2 In the alternative, the lessor's notice may, if the lessor is willing to be bound by the
wholesale value of a recognized used vehicle value guide, contain the following
statement: "'The amount you owe for early termination will be no more than the
difference between the Gross Early Termination Amount stated above and (1) the
appraised value of the vehicle or (2) if there is no appraisal, the wholesale value specified
in a recognized used vehicle value guide.
"'You have the right to get a professional appraisal to establish the value of the
vehicle for the purpose of figuring how much you owe on the lease. If you want an
appraisal, you will have to arrange for it to be completed at least three days before the
scheduled valuation date. The appraiser has to be an independent person acceptable to
the holder of the lease. You will have to pay for the appraiser. The appraised value will
be considered final and binding on you and the holder of the lease.'"
4
If a lessor fails to provide a notice that complies with section 2987, subdivision
(d)(2), a lessee is not liable for any deficiency. (§ 2987, subd. (d)(3).)

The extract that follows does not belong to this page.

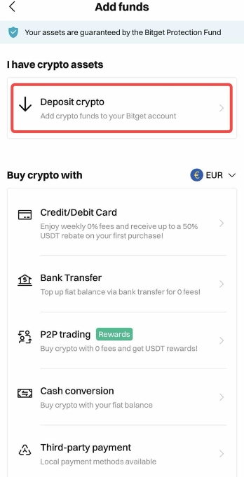 第2步:按照图示,点击用于从外部钱包充值加密资产的选项。

The notice VW sent Flannery did not contain all of the language required by the
statute. VW's notice deleted the phrase "to establish the value of the vehicle for the
purpose of figuring how much you owe on the lease." Thus, VW's notice read: "The
amount you owe for early termination will be no more than the difference between the
Gross Early Termination Amount stated in this notice and (1) the appraised value of the
vehicle or (2) if there is no appraisal, either the price received for the vehicle upon
disposition or a greater amount established by the lessor or the lease contract. You have
the right to get a professional appraisal; you will have to arrange for it to be completed at
least three days before the scheduled sale date of the vehicle. The appraiser has to be an
independent person acceptable to the holder of the lease. You will have to pay for the
appraiser. The appraised value will be considered final and binding on you and the
holder of the lease."
Relying on VW's failure to send her a notice that complied with the requirements
of section 2987, Flannery filed a complaint against VW, which alleged she represented an
unknown class of lessees to whom VW had sent the defective notice and from whom VW
had thereafter collected or attempted to collect unauthorized deficiencies. She alleged
VW's collection or attempts to collect the deficiencies violated the Rosenthal Act and the
UCL and had damaged her and other class members.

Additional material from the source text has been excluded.